Studies by two Australian economists have found the possibility of saving money to be sufficient cause for the rich to in effect delay their deaths and expectant mothers their date of delivery.

The findings were made by Andrew Leigh, of the Australian National University, and Joshua Gans, of the Melbourne Business School, in two separate studies: “Did the Death of Australian Inheritance Taxes Affect Deaths?” and “Born on the First of July”.

In the former study, the two researchers found that five in every nine rich people were able to effectively delay their deaths to benefit from the abolition of federal inheritance tax from midnight July 1, 1979.

Leigh and Gans found that these people, statistically, should have expired in the last week of June in that year, but did not do so until the first week of July, enabling their estate to benefit from the new tax regime.

Rich people dying before the deadline were to be taxed at up to 28 per cent of the value of their estates, while those who survived into the new financial year were not taxed at death.

In an interesting footnote, the economists conceded that relatives might have concealed relatives’ bodies until the new financial year in an effort to meet the new deadline.

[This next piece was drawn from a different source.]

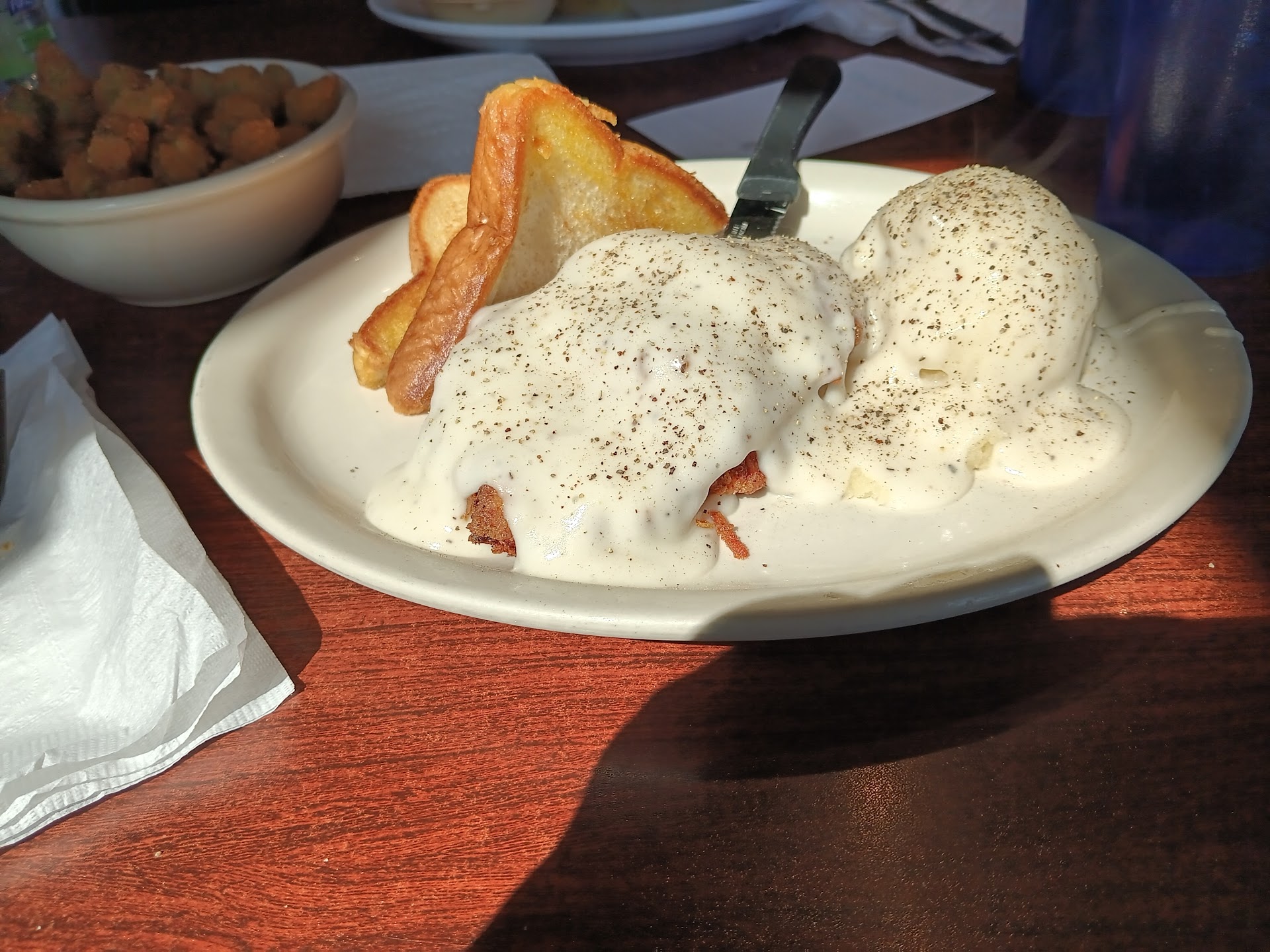 I had the CFS/gravy with scrambled eggs, hash browns, and wheat toast. Everything was well prepared and tasted great! Good, filling, basic breakfast.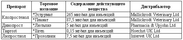Табл. 16.9. Препараты простагландинов, применяемые для воздействия на репродуктивную функцию собак

In the second study, “Born of the First of July”, the researchers found that the births of more than 1,000 babies were effectively held back until after midnight on July 1, 2004, allowing parents to claim the $3,000 baby bonus.

The study pointed to Australian Bureau of Statistics (ABS) data on births for 2004, which showed 490 babies were delivered on June 30, when the babies’ parents received no bonus, representing one of the quietest delivery days that year.

On July 1, however, the first day of the $3,000 bonus, the number of births doubled to 978, making it the busiest birth day in 30 years of ABS birth statistics. There were a further 902 births the next day, July 2, making it the seventh most popular delivery day in the past three decades.

The study has raised the spectre of a similar birth ratio occurring at the end of this financial year, June 30, when the baby bonus increases by $1,000 to $4,000.